Measures underwriting performance, used by underwriters, accountants, analysts, competitors and senior executives. Below 100% generally indicates good underwriting performance and above 110% indicates poor underwriting performance/ catastrophe losses.
Liquidity Ratio - Insurance Industry
Total Liabilities/ cash + investments
The lower the result, the greater the liquidity. Insurers liquidity can easily come from freely marketable investments as these are held to fund claims. Need to hold substantial investments to be able to finance long term liabilities.
Solvency Ratio - Insurance Industry
Total eligible capital / solvency capital requirement
Or
Net assets / earned premium net of reinsurance
The higher the figure the stronger the company.

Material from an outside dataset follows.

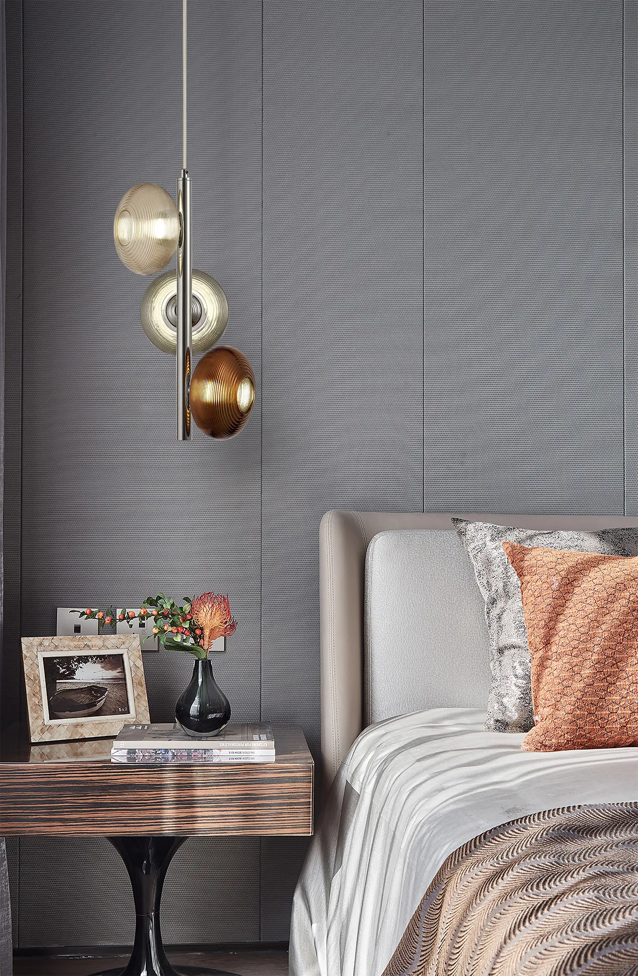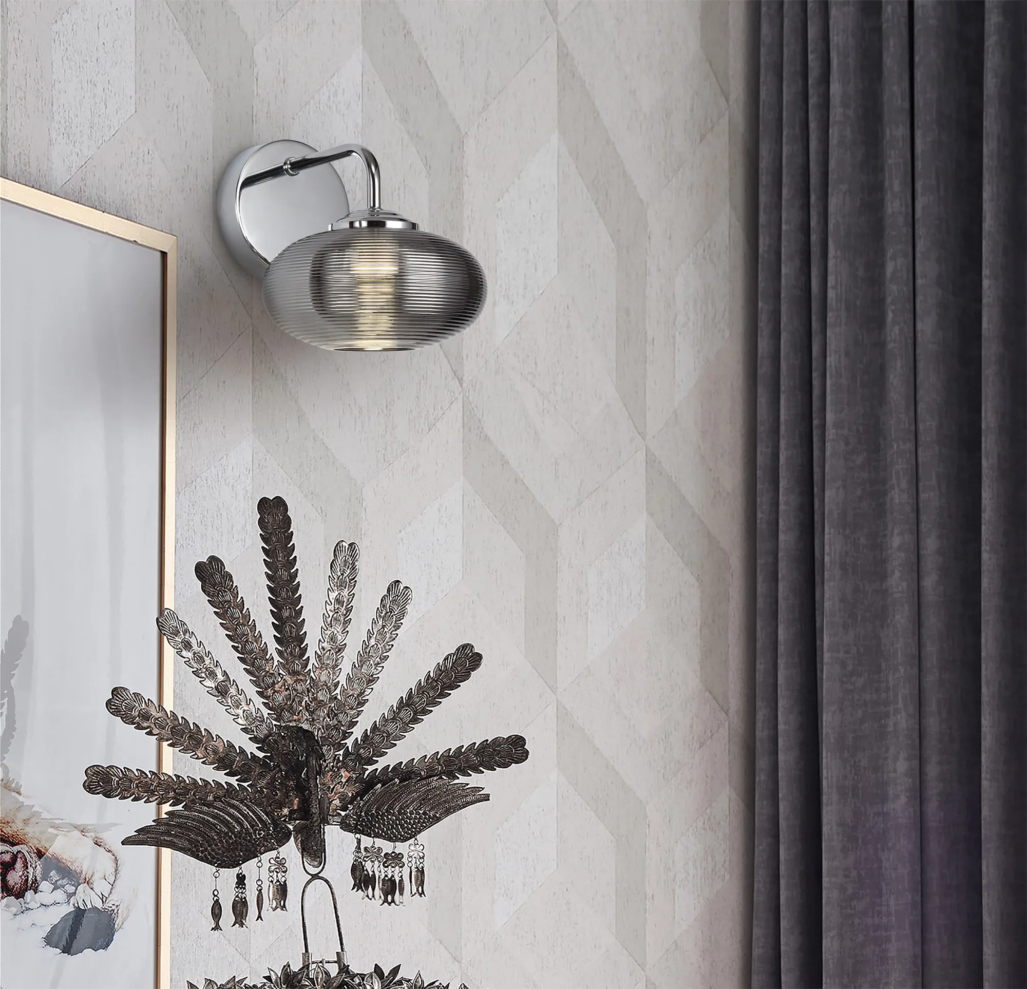 The pendant within this range hosts a trio of oval glass moulded with an aesthetically pleasing rippled effect amplifying the coloured tints. Each glass, which sits around the integral 4000K LED disks, is in a different translucent colour. The LED wall lamps are available with one of the three coloured glass on the pendant allowing a colour theme can be built.
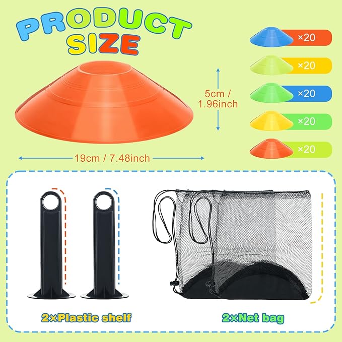 - Ultimate Training Set: 120 pack agility training disc cones with 6 colors, 20 pieces each color (red, blue, orange, fluorescent green, grass green), also includes 2 pieces mesh storage bags and 2 pieces disc cone holders; The disc cones set is sufficient for your daily training and sports practice

Although hard markets show deterioration but economic position improves. Company with high level of capital to support premiums seen as ‘overcapitalised’
Frequently used ratios
Profitability
Productivity
Liquidity
Activity (or turnover)
Gearing
Gross Profit Percentage Ratio - Profitability Ratio
Gross profit / sales (revenue) x 100
Decrease may indicate greater competition in the market
Increase may indicate the company is in a position to exploit the market
A change can be due to a change in the mix of products sold
Net profit percentage ratio - profitability ratio
Net profit / sales (revenue/ turnover) x 100
Relationship between the gross profit and net profit percentage gives indication of how well a company is managing business expenses. If net profit has decreased over time but gross profit remained the same this might indicate lack of internal control over expenses
Profitability Ratio - Return on capital employed (ROCE)
Profit before interest charges and tax / share capital + reserves + borrowings x100
Enables an investor to see if the insurer is making money for them and make comparisons between companies. Ratio is concerned with with the relationship of profit to the total capital employed and is seen as giving an indication of how efficiently and effectively management have deployed the resources available
Profitability ratios
Compares the money value of the outputs with the money value (the cost) of the inputs; the difference between the two is profit, which can be expressed either as an amount of money or as a ratio
Productivity Ratio
Compares the inputs and outputs directly, so does not use money as a measuring rod
Efficiency Ratios
Trade receivables/debtors / sales x 365 days
Collection period provides an indication of how successful debt collection has been
Payables/creditors / purchases x 365 days
Links the value of payables/ creditors with the amount of goods and services that a company is purchasing on credit
Inventory/stock / cost of sales x 365 days
Inventory/stock turnover period indicates the average number of days that inventory/stock is held for
Liquidity ratios
Measures the company’s liquid assets - liquid assets are all those assets that either are money or can be turned into money at short notice
Liquidity ratios - current and quick
Current ratio - current assets / current liabilities
Quick ratio - current assets excluding stock / current liabilities
Current ratio of more than 2 is prudent to maintain creditworthiness but recently 1.5 has become normal.